Start at the line in the entries below that contains "Natural Tiger Eye Gemstone Earrings, Beautiful", stop at the line that contains "I had thought", and output exactly the lines in that span, both ends included.

Provided data Start Marker

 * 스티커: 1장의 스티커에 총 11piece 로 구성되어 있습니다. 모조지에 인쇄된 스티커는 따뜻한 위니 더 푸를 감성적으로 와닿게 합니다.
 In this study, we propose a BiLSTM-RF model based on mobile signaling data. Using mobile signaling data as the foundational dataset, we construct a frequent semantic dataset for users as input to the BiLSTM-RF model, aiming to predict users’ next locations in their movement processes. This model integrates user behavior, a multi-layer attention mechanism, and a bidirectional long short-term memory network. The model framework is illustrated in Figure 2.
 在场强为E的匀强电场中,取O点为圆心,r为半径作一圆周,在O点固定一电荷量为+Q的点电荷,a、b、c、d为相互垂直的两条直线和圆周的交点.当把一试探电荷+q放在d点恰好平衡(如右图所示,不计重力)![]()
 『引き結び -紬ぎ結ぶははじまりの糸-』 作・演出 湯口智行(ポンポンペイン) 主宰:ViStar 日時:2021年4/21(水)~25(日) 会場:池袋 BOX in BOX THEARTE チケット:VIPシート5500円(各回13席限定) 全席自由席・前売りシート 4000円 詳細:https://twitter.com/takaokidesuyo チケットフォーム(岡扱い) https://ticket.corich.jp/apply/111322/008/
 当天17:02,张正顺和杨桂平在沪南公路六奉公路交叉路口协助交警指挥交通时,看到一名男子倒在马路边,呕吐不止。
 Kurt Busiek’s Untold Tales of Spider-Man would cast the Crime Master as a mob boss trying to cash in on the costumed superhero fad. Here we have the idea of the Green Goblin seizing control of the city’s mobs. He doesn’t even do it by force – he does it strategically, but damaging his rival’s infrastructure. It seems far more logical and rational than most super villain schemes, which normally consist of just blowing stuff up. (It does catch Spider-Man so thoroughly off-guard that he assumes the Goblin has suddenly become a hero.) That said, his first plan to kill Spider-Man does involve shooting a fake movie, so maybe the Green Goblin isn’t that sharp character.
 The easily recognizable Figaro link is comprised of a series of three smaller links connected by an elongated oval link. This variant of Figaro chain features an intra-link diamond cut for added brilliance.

Provided data End Marker
Provided data Start Marker

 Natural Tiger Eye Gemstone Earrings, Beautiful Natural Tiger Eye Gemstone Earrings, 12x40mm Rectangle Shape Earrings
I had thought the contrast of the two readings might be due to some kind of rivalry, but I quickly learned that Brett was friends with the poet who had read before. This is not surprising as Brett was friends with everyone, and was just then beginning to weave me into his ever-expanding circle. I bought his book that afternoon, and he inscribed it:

Provided data End Marker
Provided data Start Marker

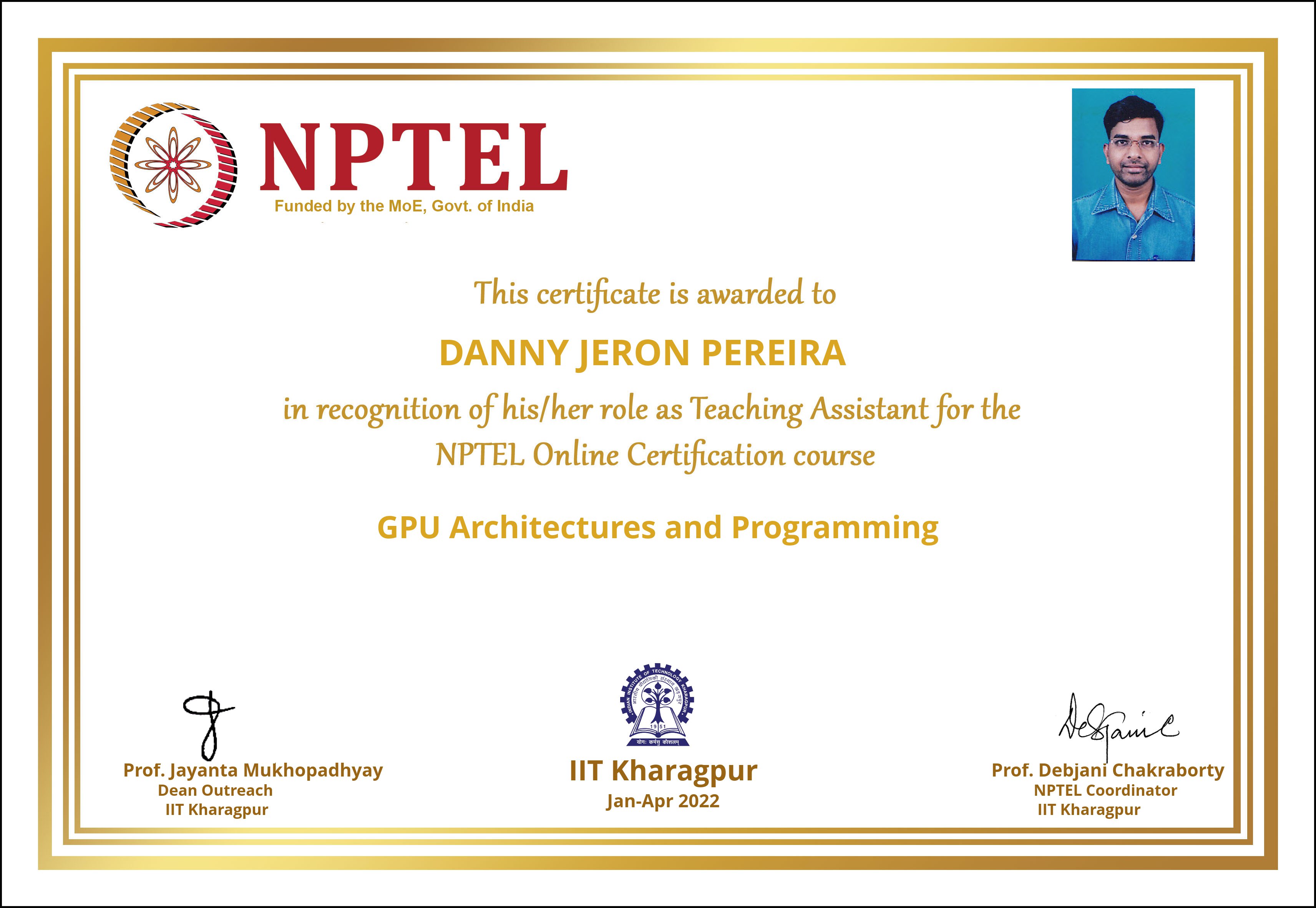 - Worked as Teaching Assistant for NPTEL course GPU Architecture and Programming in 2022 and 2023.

Provided data End Marker

- _Finished exercise_:
 Natural Tiger Eye Gemstone Earrings, Beautiful Natural Tiger Eye Gemstone Earrings, 12x40mm Rectangle Shape Earrings
I had thought the contrast of the two readings might be due to some kind of rivalry, but I quickly learned that Brett was friends with the poet who had read before. This is not surprising as Brett was friends with everyone, and was just then beginning to weave me into his ever-expanding circle. I bought his book that afternoon, and he inscribed it:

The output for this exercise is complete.